» Work to complete
Copy only what lies from the line containing "セット内容 ●H10mmソケット ●AOA-17mm専用Cリング(1ヶ)" through the line containing "儀式最后,朱相華副院長帶領(lǐng)大" in the entries below, keeping both end lines exact and dropping every picture.

== Exercise data

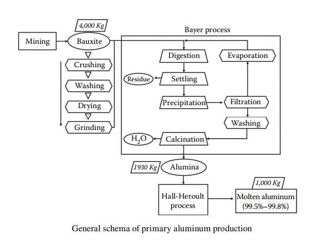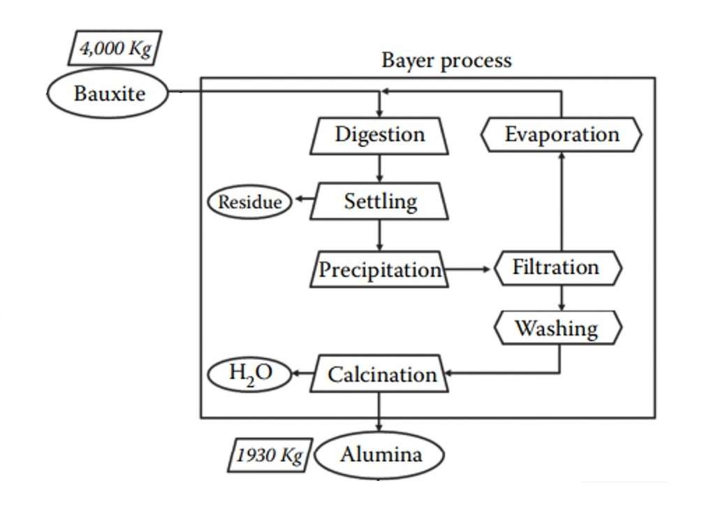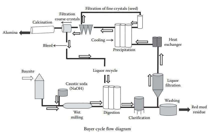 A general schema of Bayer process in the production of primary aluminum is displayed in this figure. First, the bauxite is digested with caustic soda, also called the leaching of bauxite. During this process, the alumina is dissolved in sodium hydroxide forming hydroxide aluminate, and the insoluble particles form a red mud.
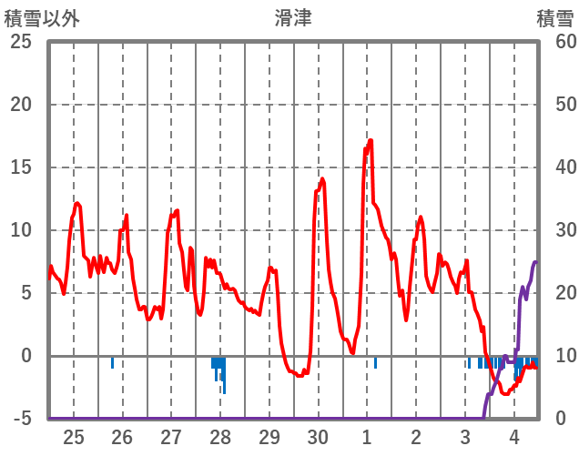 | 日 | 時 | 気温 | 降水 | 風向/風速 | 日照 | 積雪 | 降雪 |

====
== Exercise data

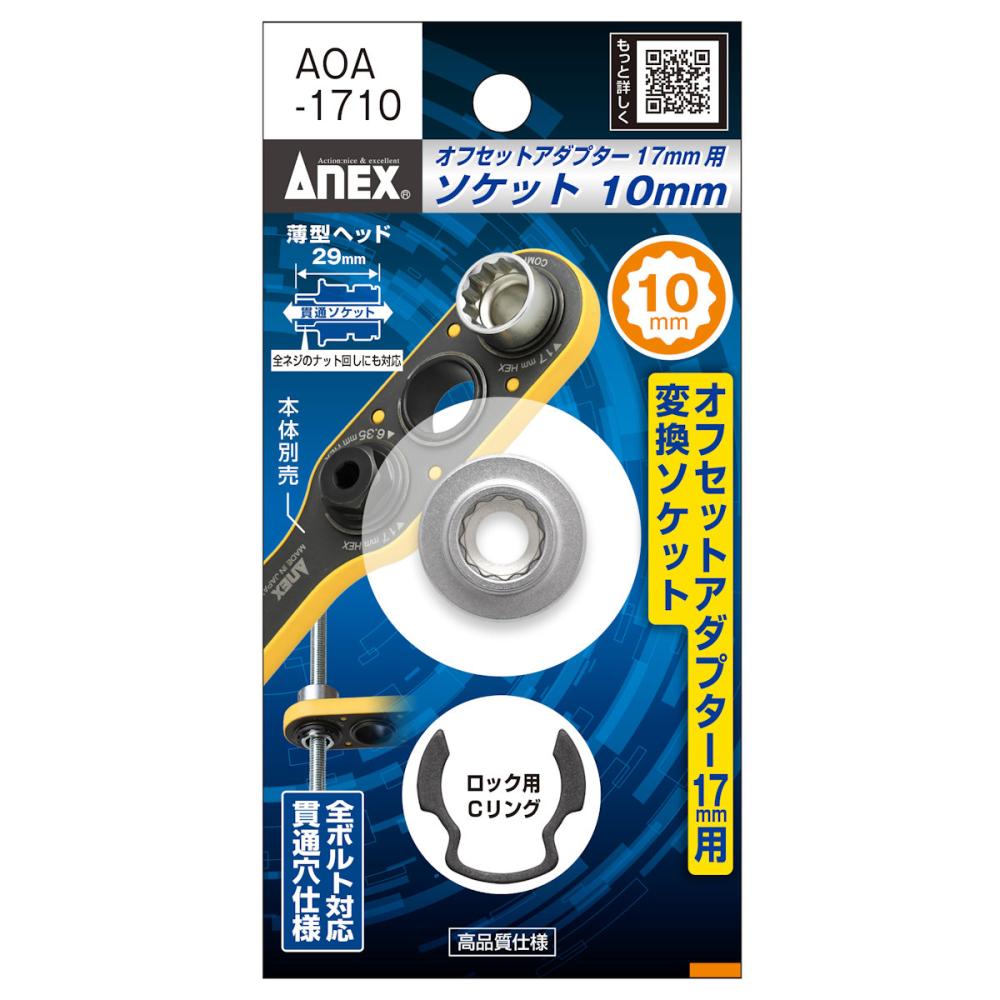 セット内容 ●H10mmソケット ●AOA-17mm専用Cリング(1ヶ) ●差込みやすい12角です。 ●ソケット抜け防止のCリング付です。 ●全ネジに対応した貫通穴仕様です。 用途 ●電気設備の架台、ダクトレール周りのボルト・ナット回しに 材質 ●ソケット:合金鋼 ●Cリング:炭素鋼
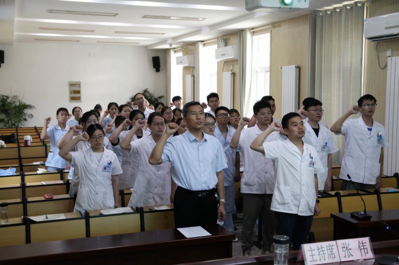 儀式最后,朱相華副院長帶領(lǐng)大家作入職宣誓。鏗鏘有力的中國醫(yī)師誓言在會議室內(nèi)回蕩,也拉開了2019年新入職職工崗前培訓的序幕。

====
== Exercise data

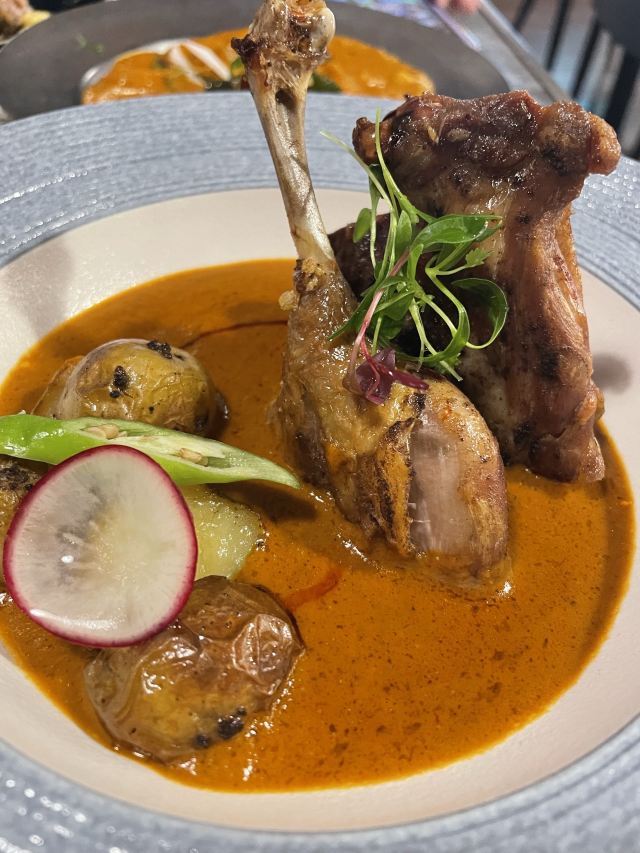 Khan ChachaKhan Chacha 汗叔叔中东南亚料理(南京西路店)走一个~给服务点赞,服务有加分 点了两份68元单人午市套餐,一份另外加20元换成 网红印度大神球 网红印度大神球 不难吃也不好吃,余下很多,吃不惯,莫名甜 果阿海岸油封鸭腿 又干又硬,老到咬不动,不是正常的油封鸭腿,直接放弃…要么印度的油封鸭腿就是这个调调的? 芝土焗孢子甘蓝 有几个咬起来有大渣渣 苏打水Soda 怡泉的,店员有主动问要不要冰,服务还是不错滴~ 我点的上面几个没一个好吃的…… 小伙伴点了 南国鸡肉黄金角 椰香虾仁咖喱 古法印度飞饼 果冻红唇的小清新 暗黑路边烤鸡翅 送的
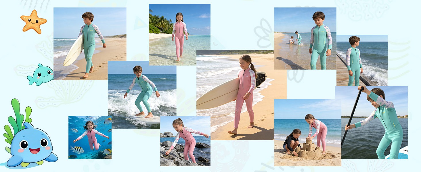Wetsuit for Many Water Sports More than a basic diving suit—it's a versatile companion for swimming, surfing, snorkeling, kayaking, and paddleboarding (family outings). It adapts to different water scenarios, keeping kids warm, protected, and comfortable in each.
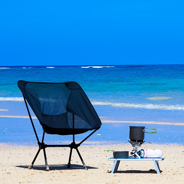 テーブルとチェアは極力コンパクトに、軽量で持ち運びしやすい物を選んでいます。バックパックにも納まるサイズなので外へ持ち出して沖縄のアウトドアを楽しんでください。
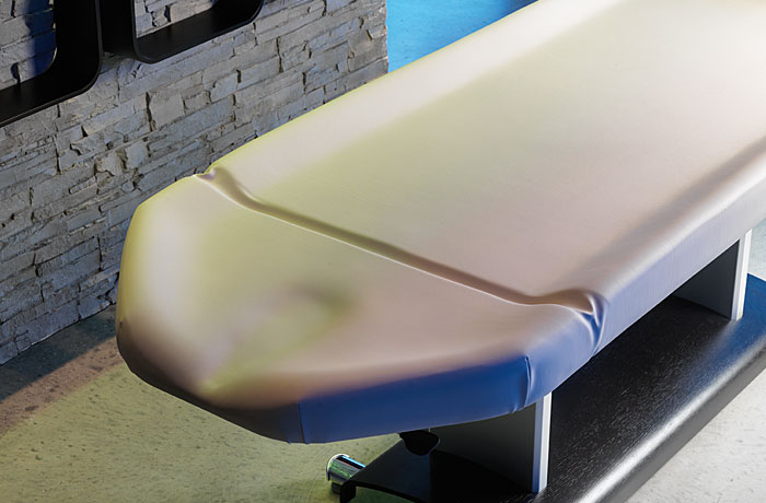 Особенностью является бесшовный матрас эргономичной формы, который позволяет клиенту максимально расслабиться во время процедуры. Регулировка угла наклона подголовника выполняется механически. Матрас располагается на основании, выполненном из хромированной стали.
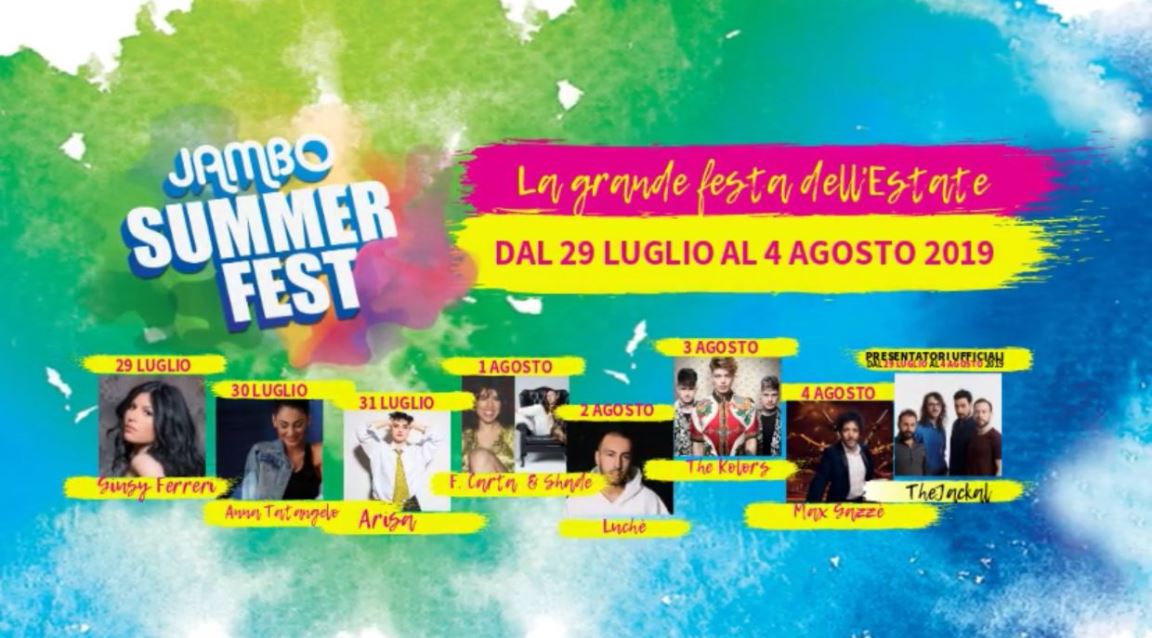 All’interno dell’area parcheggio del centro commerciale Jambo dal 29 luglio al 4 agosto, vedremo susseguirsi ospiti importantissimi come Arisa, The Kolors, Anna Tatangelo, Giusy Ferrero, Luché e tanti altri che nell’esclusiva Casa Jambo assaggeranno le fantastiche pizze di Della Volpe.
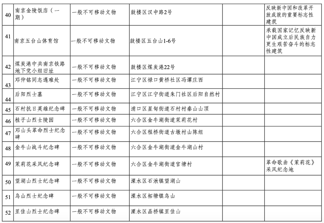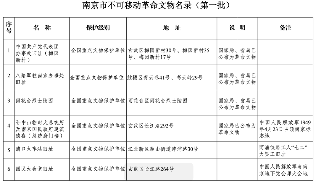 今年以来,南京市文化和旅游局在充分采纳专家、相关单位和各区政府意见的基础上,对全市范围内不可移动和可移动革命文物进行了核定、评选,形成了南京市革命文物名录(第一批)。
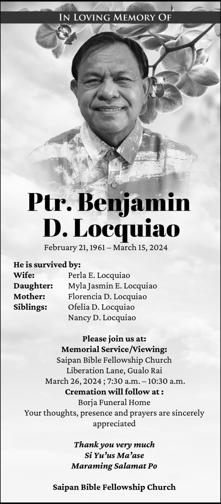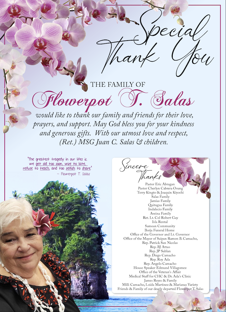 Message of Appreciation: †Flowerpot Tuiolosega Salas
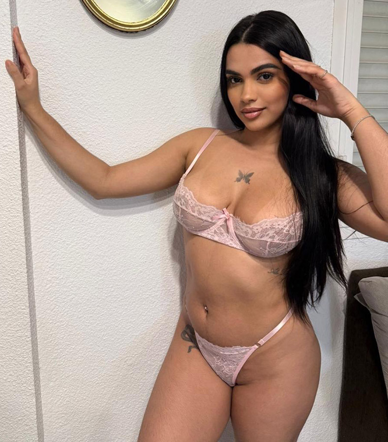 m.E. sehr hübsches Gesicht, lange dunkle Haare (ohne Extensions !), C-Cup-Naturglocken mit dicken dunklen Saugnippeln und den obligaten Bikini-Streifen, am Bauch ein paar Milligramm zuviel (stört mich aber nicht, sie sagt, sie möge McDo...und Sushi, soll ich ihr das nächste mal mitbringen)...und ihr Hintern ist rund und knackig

====

» Exercise output
 セット内容 ●H10mmソケット ●AOA-17mm専用Cリング(1ヶ) ●差込みやすい12角です。 ●ソケット抜け防止のCリング付です。 ●全ネジに対応した貫通穴仕様です。 用途 ●電気設備の架台、ダクトレール周りのボルト・ナット回しに 材質 ●ソケット:合金鋼 ●Cリング:炭素鋼
 儀式最后,朱相華副院長帶領(lǐng)大家作入職宣誓。鏗鏘有力的中國醫(yī)師誓言在會議室內(nèi)回蕩,也拉開了2019年新入職職工崗前培訓的序幕。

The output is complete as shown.